No garbage. Nothing left behind except a few bent blades of grass.
And the peace of the dead to keep me company.
The next day was glorious. Gently rolling hills through small farms and woodlots filled with fall colours. Traffic was minimal to non-existent.
But then the road met up with the Trans Canada again. Heavier traffic, but at least the shoulder was more substantial than it had been in western Ontario. And since there were many more small towns along the route, the speed limits were often reduced. There was also more variety to meet the eye: small shops, cafe's, pedestrians, and occasionally the Mississagi River just a stone's throw from the shoulder.

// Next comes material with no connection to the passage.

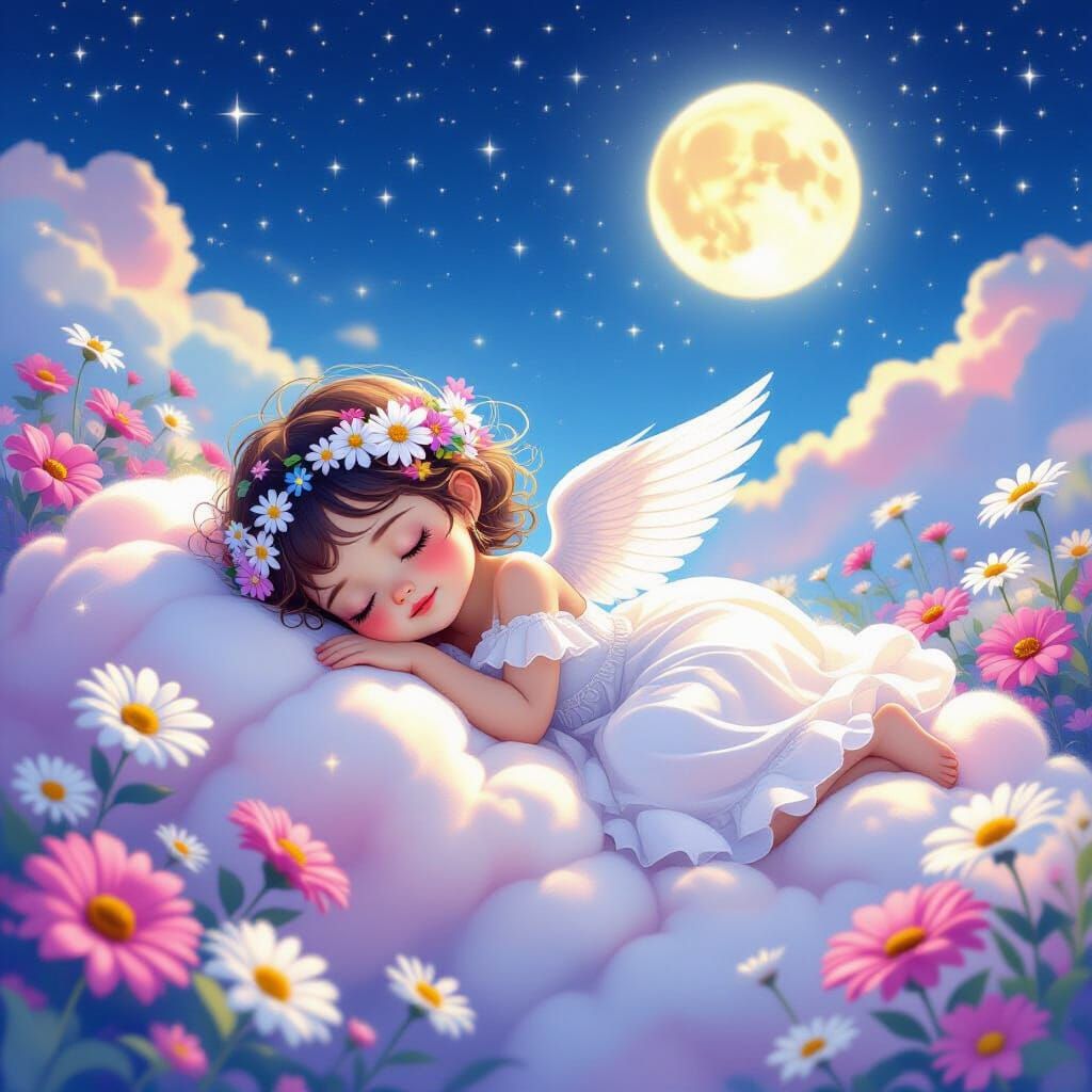 This image shows a baby angel asleep on a cloud under a starry sky. The digital illustration is full of colorful flowers and has a dreamy, magical atmosphere.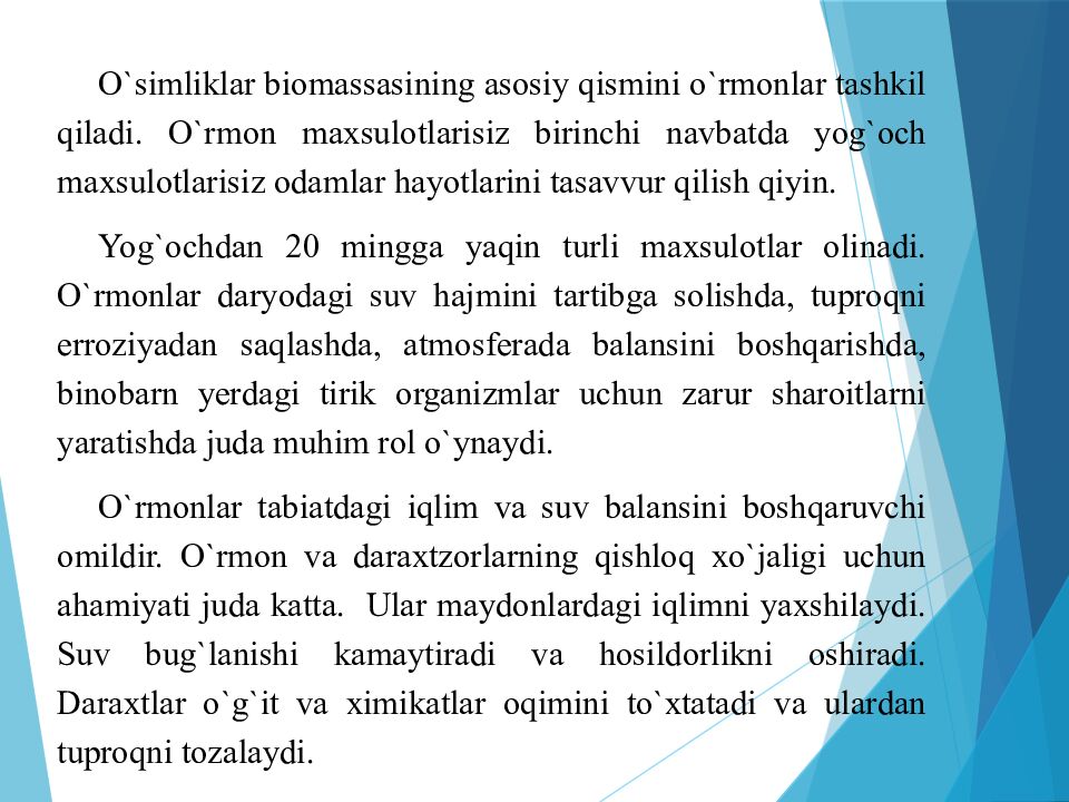 O`simliklar biomassasining asosiy qismini o`rmonlar tashkil qiladi. O`rmon maxsulotlarisiz birinchi navbatda yog`och maxsulotlarisiz odamlar hayotlarini tasavvur qilish qiyin. Yog`ochdan 20 mingga yaqin turli maxsulotlar olinadi. O`rmonlar daryodagi suv hajmini tartibga solishda, tuproqni erroziyadan saqlashda, atmosferada balansini boshqarishda, binobarn yerdagi tirik organizmlar uchun zarur sharoitlarni yaratishda juda muhim rol o`ynaydi. O`rmonlar tabiatdagi iqlim va suv balansini boshqaruvchi omildir. O`rmon va daraxtzorlarning qishloq xo`jaligi uchun ahamiyati juda katta. Ular maydonlardagi iqlimni yaxshilaydi. Suv bug`lanishi kamaytiradi va hosildorlikni oshiradi. Daraxtlar o`g`it va ximikatlar oqimini to`xtatadi va ulardan tuproqni tozalaydi.

I remember later that day, I camped by some rapids. Was it the so-called Mississagi Falls? A quarter-century has elapsed, and as I scroll along the route with a satellite view (courtesy of Google Maps), some things make sense. Some things become more confusing. And some things will always be a blank. So, one day in the not-too-distant future, I'll have to cycle the whole route again in order to rekindle a few lost memories…and, of course, make an attempt to give a copy of Changing Maps to whoever happens to be in 24 Sussex Drive at the time.
After a night in Espanola (after having asked someone if $10 would suffice for pitching my tent on their land), I headed south toward
Manitoulin Island. But the sky got darker and darker until there was a constant rain. A rolling landscape, which would have been beautiful on a better day, now had the greyness of drudgery. A long-dead raccoon blended in with the gravelly 230
shoulder. And somewhere along
the way, I caught a cold.
But later in the day, the sun
broke through and it started to
warm my bones and my spirit.
The island was now beautiful...even if it did produce another dead racoon. And that evening, I found another cemetery.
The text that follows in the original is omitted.